0
0
MlopsHow-ToBeginner · 3 min read

How to Decompose Time Series in Python with sklearn

To decompose a time series in Python, use the seasonal_decompose function from the statsmodels library, which works well alongside sklearn workflows. This function splits the series into trend, seasonal, and residual parts for better analysis and modeling.
📐

Syntax

The seasonal_decompose function has this basic syntax:

  • series: The time series data as a pandas Series.
  • model: Type of decomposition, either 'additive' or 'multiplicative'.
  • period: The number of observations per cycle (e.g., 12 for monthly data with yearly seasonality).

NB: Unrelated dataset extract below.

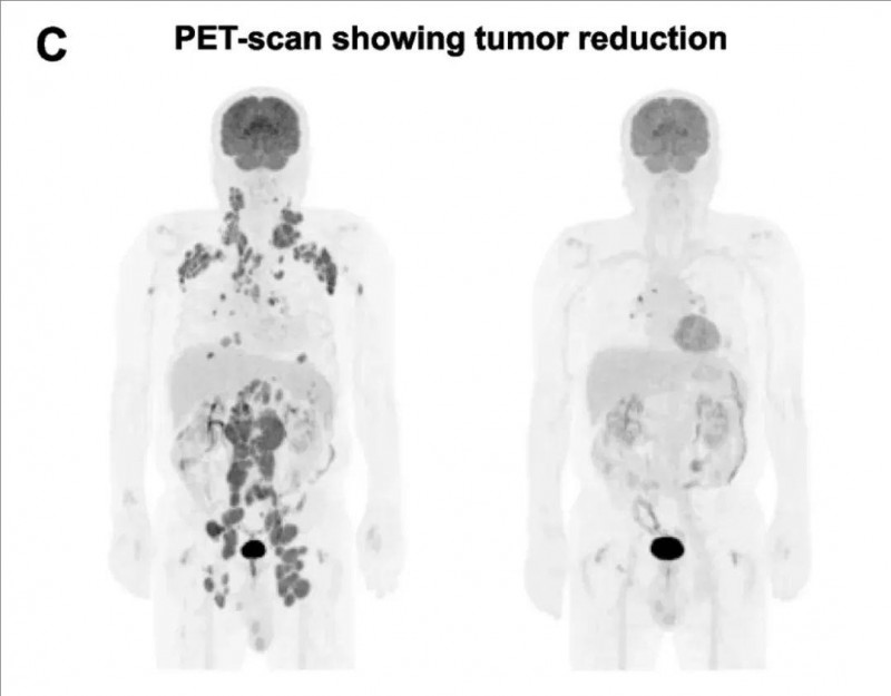 该患者确诊为滤泡中心淋巴瘤,曾接受过高剂量化疗,但效果不理想,病情仍然复发。入组接受帕米膦酸盐和低剂量IL-2,在体内刺激γδT细胞治疗后,CT检查显示,大多数淋巴结没有明显变化,且皮肤转移及纵隔淋巴结消退(详见下图)。仅有1个淋巴结增大,病理活检显示该淋巴结主要为纤维化,仅剩下少量淋巴瘤细胞。在此之后,肿瘤质量稳步下降,最终经过19个月的治疗,该患者达到部分缓解(PR)(详见下图)。

The function returns an object with trend, seasonal, and resid components.

python
from statsmodels.tsa.seasonal import seasonal_decompose

decomposition = seasonal_decompose(series, model='additive', period=period)
trend = decomposition.trend
seasonal = decomposition.seasonal
residual = decomposition.resid
💻

Example

This example shows how to decompose a monthly time series of airline passengers into trend, seasonal, and residual parts using seasonal_decompose.

python
import pandas as pd
import matplotlib.pyplot as plt
from statsmodels.tsa.seasonal import seasonal_decompose

# Load sample data
url = 'https://raw.githubusercontent.com/jbrownlee/Datasets/master/airline-passengers.csv'
data = pd.read_csv(url, parse_dates=['Month'], index_col='Month')

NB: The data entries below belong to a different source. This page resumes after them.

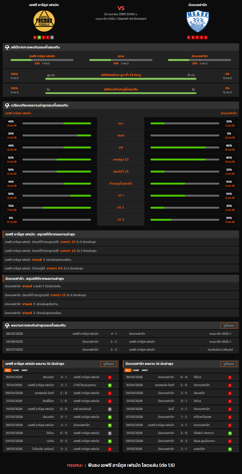 วิเคราะห์บอล [ เดนมาร์ก ดิวิชั่น 1 2025-26 ] เอฟซี อาร์ฮุส เฟรมัด VS มิดเดลฟาร์ท admin เมษายน 22, 2026 วิเคราะห์บอลคืนนี้ / วิเคราะห์บอลวันนี้ / ทรรศนะฟุตบอลประจำวัน แนะแนวเรื่อง Previous Previous post: วิเคราะห์บอล [ อเมริกา เมเจอร์ลีก 2026 ] นิวยอร์ก เร้ด บูลล์ส VS ดีซี ยูไนเต็ด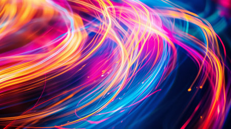Capture the essence of motion with vibrant abstract light trails. This dynamic image features swirling colors and glowing lines that convey energy and creativity. Perfect for modern design projects.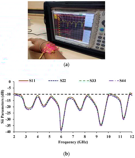 The on-body performance of the proposed MIMO antenna is evaluated by placing it on a human body and measuring it with a vector network analyzer (VNA), shown in Figure 23a. Figure 23b depicts the measured reflection coefficients of the proposed MIMO antenna when it is placed on the human body. It covers the entire UWB with an impedance bandwidth of 9.2 GHz (2.6–11.8 GHz), making it suitable for wearable and bio-healthcare applications.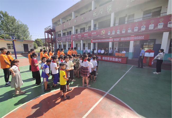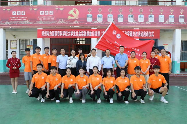 会后,葛寨小学校长位莹刚和学校高级管理师周明霞共同为郑州电力高等专科学校大学生社会实践基地揭牌;与会领导参加“彩虹童年”暑期社会实践支教活动启动仪式并向葛寨小学学生捐赠图书及学习用品。

# Decompose the time series
result = seasonal_decompose(data['Passengers'], model='multiplicative', period=12)

# Plot the components
result.plot()
plt.show()
Output
A plot window showing four graphs: observed data, trend, seasonal, and residual components.
⚠️

Common Pitfalls

  • Not specifying the correct period can lead to wrong seasonal decomposition.
  • Using additive model on data with multiplicative seasonality causes poor results.
  • Passing non-time-indexed data or missing values can cause errors.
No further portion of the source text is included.